Of more interest here is the plugin giving pretty much all the effects of the paid for product but without the raw converter, and more importantly without cost – it is a free! Of all the plugins available this is, in my view, probably the easiest to get to grips with, and it also has a wide range of effects. If you are starting to explore plugins, I would start here. The download link is:
Nik (now by DXO)
Nik Effects are probably one of the best known plugin suites. They started life as a German software package that was revered by many, especially for its black & white plugin – Silver Efex Pro. The whole suite was several hundred dollars at the time. Google then acquired the company and products and offered them for free as part of their development into the photo software world.
DXO bought the Nik software range from Google last year and have just released their first update to the suite which now costs $69. The old free version is still available at a number of links such as the link below but is no longer supported.
The B&W Silver Efex pro is the most useful, followed by Dfine for noise reduction.
DXO also offer PhotoLab which is touted as a LR alternative, Filmpack to mimic old film, and Viewpoint to correct perspectives etc. All of these are paid for and offer very little outside of LR and PS/PSE in my view.
Topaz are probably the best known plugin company and have 11 different plugins available covering a whole variety of options. They are priced from $30 to $80. The most popular is Topaz Adjust which has a variety of uses but is typically used to generate pseudo-HDR and other more extreme effects. These plugins are now being replaced by Topaz Studio.

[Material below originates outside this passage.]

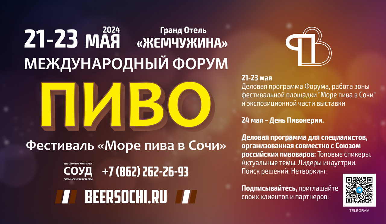 Приглашаем специалистов посетить Форум «ПИВО-2024» с 21 по 23 мая в Сочи!

Topaz Studio is the latest generation of plugin, and best of all is free! It is actually a very powerful and comprehensive suite of adjustments for your images. Some of the adjustments are fully functional in the free download, whereas many of the more advanced have perhaps a couple of pre-set options to try out as a lure to encourage you to upgrade to ‘Pro-Adjustments’ giving complete control. There are currently 24 adjustments ranging from $5 to $100, whilst the complete pack can be had for $318!
That said, I only use the free edition and have found it to be very powerful, if a little more complex than the ones above, Included in the package are several hundred presets from both the company and a select number from the public. It is easy to while away several hours clicking through the presets looking for one you like! You have been warned…but it is still addictive!
The download for the free Topaz Studio is:
Skylum (Formerly MacPhun)
MacPhun started out as a Mac-only competitor to Topaz with several modules covering a range of options. I have the original ‘Creative Kit’ of 6 plugins and still regularly use them, even though they are now no longer available/supported.
Their latest product is Luminar which is very similar to Topaz Studio above and is available for both Mac and Windows. Although I have not used it, it appears to be slightly easier to use than Topaz Studio. The next edition will also add some file management/cataloging functionality to pitch it as a LR competitor.
The latest version costs £53 and can be found here:
As shot, straight from camera
Single image processed in Aurora HDR
The other product offered by Skylum is Aurora HDR, now in 2019 guise. This is probably the best HDR software available and has been developed in conjunction with Trey Ratcliff, the world’s most famous HDR photographer. It is quite expensive for new users at £92 but is worth it if you do a lot/like heavy HDR processing. Its range of options is vastly superior to the HDR function in LR for example but may well be too much for most people.
Photomatix Pro – the first mainstream HDR program but not advertised much recently and almost certainly behind Aurora in functionality.
Franzis Suite – a suite of plugins from aa German software company. I see the adverts regularly but have never come across anyone who has used them. I would go with Topaz instead if you want the full range.
Perfectly Clear – a product focused on delivering ‘real’ images. There is a free version available although I have not used it. The full version is $129.
Portrait Pro – plugin devoted to portrait retouching. It has reviewed well and is available for £35, along with a free trial.
Landscape Pro – similar to the above but targeted on landscapes. I’ve not heard much about it for a while and have not used it. Available for £30 as well as a free trial.
Alien Skin – offer a range of products led by Exposure X4. They range from $99 to $199.
Filter Forge – offer a range of editions from $37 to $328.
There are a number of options for plugins available from a number of manufacturers. The choice can be quite confusing, and that is before you get into the number of presets/options offered within each program!
For the complete beginner I would recommend starting with On1 as it is the easiest to get to grips with, followed by Nik and Topaz Studio. These also have the added advantage of being free. Pretty much all of them mentioned offer a free trial, typical of 30 days.
Good luck and enjoy whiling away the hours!